Really? Me love the Labour Party? No, but I do love a good political scrap and this leadership election is turning into a real political nuclear confrontation with the gloves off and Mutually Assured Destruction at the top of the menu.
In one corner we have The Corbynator. A bearded retro Labour man (might I even say socialist or Marxist?) who has dared to remind the Labour Powers That Be of the party’s roots in class struggle, radical socialism and a hatred of the capitalists.
In the other corner, lead by various Torylite Labour lightweights, are those who claim that a vote for The Corbynator is a vote for political suicide. If the media is to be believed then this Machiavellian group, apparently led by that oily smooth operator known simply as Blair, is preparing to do anything to stop the Bearded One from ascending to the Labour throne.
Not since a certain other man with the initials JC (I refer to the true messiah, Our Lord Jeremy Clarkson, and not the fictional/lame Jesus Christ) has one man been the centre of so much media attention.
The Labour Powers That Be sound like barmy American evangelists claiming that gay marriage would lead to various apocalyptic scenarios. No, a vote for The Corbynator will not result in Islington being destroyed by rampant giant tree frogs. Nor will a vote for The Corbynator ensure the destruction of the Labour Party. If anything, and I’m going by the comments/tweets/posts/burblings of Labour grassroots supporters, Labour might just become the next party of government.
What? Has the Hodges Beast gone completely mad?
No. Well, no more than usual.
At general elections people vote with their hearts more than their heads. Most never read a manifesto or attend a hustings. They can’t be bothered with all the kerfuffle. They vote either as they’ve always voted OR they choose to vote for whoever appeals to them. The person that they relate to and trust – and I know that’s just surface fluffiness but that’s how it works. People aren’t rational animals, they’re rationalising animals. Making a decision and then looking for reasons after the event.

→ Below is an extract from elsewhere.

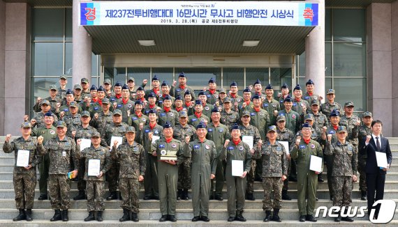 (원주=뉴스1) 노정은 기자 = 공군 제8전투비행단(이하 8전비)은 28일 237전투비행대대(이하 237대대)의 16만 시간 무사고 기록 시상식을 기지 강당에서 개최했다고 밝혔다.

Jeremy Corbyn could just be the kind of political leader that the masses will take to their sweaty bosoms and adore. Something that the Nasty Tory Party are almost certainly aware of, and fearing. I suspect that deep under London, in a dingy bunker near Tory HQ, are an army of researchers tasked with digging the dirt (real or otherwise) on The Corbynator so that they’ll be ready the moment he is crowned King of Labour. Everything he has ever said, every vote he has caste, his breakfast preferences and even the size of his manhood will be grist for their mills of smeariness.
Of course, all Corbyn has to do is promise to put a certain Tony Blair on trial for war crimes and he’ll probably win a landslide victory at the next election.